VitaminLife.com: Stomach Acid Defense

Many people that take PPI’s (Proton Pump Inhibitors) to inhibit stomach acid production end up with osteoporosis. Merchant cautions that without controlled clinical trials, it is impossible to know whether the results would be exactly the same in humans. She also emphasizes that a type of bacteria called Helicobacter pylori, the most common cause of gastritis, was excluded from these studies. Since reduced gastric acidity does appear to make the mammalian stomach more vulnerable to bacterial invasion and gastritis, however, Merchant says physicians may want to re-evaluate the long-term use of omeprazole and other proton-pump-inhibiting drugs in their patients.

This information is provided for general educational purposes only and is not intended to constitute (i) medical advice or counseling, (ii) the practice of medicine or the provision of health care diagnosis or treatment, (iii) or the creation of a physician–patient relationship. If you have or suspect that you have a medical problem, contact your doctor promptly. Acid reflux happens when the valve that separates the stomach from the esophagus fails to stay closed when it should.

1. Bananas. This low-acid fruit can help those with acid reflux by coating an irritated esophageal lining and thereby helping to combat discomfort. Due to their high-fiber content, bananas also can help strengthen your digestive system – which can help ward off indigestion.

One soluble fiber found in bananas is pectin, which helps move stomach contents through your digestive tract. And that’s a good thing – because food that sticks around will only continue to generate acid.

Low stomach acid leads to bacterial overgrowth in the stomach and intestines, which sets the stage for maldigested carbohydrates. The resulting gas increases intrabdominal pressure, causing the lower esophageal sphincter to malfunction. The gastric mucosal barrier is the property of the stomach that allows it to safely contain the gastric acid required for digestion.

The enzymes should be acid-resistant, so they work in the stomach itself, not in the small intestine. A powdered enzyme preparation (1/2 teaspoon) can be mixed together with the calcium powder above and taken after each meal. Digestive enzymes are available in health food stores and drug stores. By reducing levels of stomach acid, acid-lowering drugs may produce serious side effects, especially when used for several months or longer.

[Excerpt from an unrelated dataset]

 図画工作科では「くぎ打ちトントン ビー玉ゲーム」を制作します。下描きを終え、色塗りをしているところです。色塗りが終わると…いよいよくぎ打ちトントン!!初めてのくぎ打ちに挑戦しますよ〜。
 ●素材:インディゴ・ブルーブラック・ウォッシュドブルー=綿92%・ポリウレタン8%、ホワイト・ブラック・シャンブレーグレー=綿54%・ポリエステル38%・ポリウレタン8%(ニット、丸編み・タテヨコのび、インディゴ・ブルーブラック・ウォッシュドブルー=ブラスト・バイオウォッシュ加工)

Fiber not only promotes intestinal health, but it also reduces constipation and makes you feel full a long while after eating it. And, of course, when you feel full, you are less likely to overeat and therefore less likely to regurgitate what’s in your stomach into your esophagus. Enjoy your oatmeal with low-fat or almond milk, as both are low in fat and highly alkaline.

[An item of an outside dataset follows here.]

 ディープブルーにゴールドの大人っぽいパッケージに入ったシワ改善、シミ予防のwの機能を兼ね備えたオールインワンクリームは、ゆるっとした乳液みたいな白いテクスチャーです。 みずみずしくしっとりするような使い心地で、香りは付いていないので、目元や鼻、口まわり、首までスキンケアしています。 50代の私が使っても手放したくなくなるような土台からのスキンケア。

When the dragon needs to spit though, the lower sphincter closes while the upper one opens, and the bladders disgorge a much greater volume of acid, creating a nasty acid spray. Could powerful stomach acid be spat as a means of defense and/or attack? My main concern is that it would be either too inefficient or too evolutionarily unlikely that another method of defense would be much more plausible to evolve. The stomach is protected by the epithelial cells, which produce and secrete a bicarbonate-rich solution that coats the mucosa.

An intact defense against mucosal damage by the stomach’s acid is essential to avoid ulceration. This article focuses on the physiology of gastric acid production, the stomach’s defense mechanisms against acid injury, and the most common challenges to the gastric defenses. A brief description of the stomach’s nonacid digestive capabilities is included.

They are prescribed to treat acid reflux, stomach ulcers and other conditions, and work by reducing the amount of acid in the stomach. When you have acid reflux/heartburn, it is not too much stomach acid causing the direct problem. It is your stomach acid coming up through your esophagus when a muscular valve, called the lower esophageal valve, relaxes incorrectly and allows the acid in your stomach to flow backwards.

Most people experience a feeling of burning chest pain behind the breastbone that moves up to the neck and throat. Sometimes it is described as a sour taste of acid in the back of the throat that worsens with food. You need stomach acid to help digest protein and absorb minerals. Stomach acid is part of your body’s defense system, because the acid works to kill bacteria that enter the stomach. It’s estimated that up to 80% of people have low stomach acid.